I think you’ll need a much better justification, with actual use cases and specific benefits. The cost of adding this to Python (in terms of both coding/maintenance and the work needed to revise books, documentation, training materials, etc) is significant, and you need to demonstrate that it’s worth the cost.

Do you know of any IDEs that have expressed an interest in this feature?

What about numerics? Someone’s bound to want something like “i18n_” as a prefix… Or non-ascii letters? Without clear use cases, how can you be sure people won’t want to use native language terms?

Do you have any evidence of this? Typically, I would advise people to put non-Python code into separate files and read those files at runtime. If nothing else, embedding code into Python strings requires you to be careful about escaping quotes, and your proposal does nothing to make that any easier. Nor does it address indentation issues - you still have to handle leading whitespace if you align multi-line embedded code with the surrounding Python code.

Overall, I’m sorry, but I don’t think this idea fits well with Python. Although you might want to look at PEP 501, which looks at embedding other language syntaxes into Python from another angle.

This is an example which is explicitly addressed by PEP 501. Your code could very easily be subject to exploits if file_name isn’t carefully sanitised.

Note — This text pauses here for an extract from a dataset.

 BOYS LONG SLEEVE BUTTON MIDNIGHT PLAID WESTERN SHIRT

(You’ll also note that the Discourse highlighter for Python would need changing to handle your new prefixes - that’s a good example of the hidden costs of a change like this).

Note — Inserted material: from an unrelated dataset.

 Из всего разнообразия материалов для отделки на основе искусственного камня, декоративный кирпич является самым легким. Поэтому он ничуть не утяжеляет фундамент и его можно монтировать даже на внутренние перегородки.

@jimbaker has had some thoughts about similar things.

And I think he had talked with @guido about the idea.

We are working on a set of PEPs (spec, tutorial) here for tagstrings, which support custom prefixes - GitHub - jimbaker/tagstr: This repo contains an issue tracker, examples, and early work related to PEP 999: Tag Strings - and there’s a corresponding branch of CPython that @guido wrote that implements most of the functionality that is discussed - I am working in a branch · Issue #1 · jimbaker/tagstr · GitHub, which can be readily be updated. I should get back into gear on this work and just get it done :smile:.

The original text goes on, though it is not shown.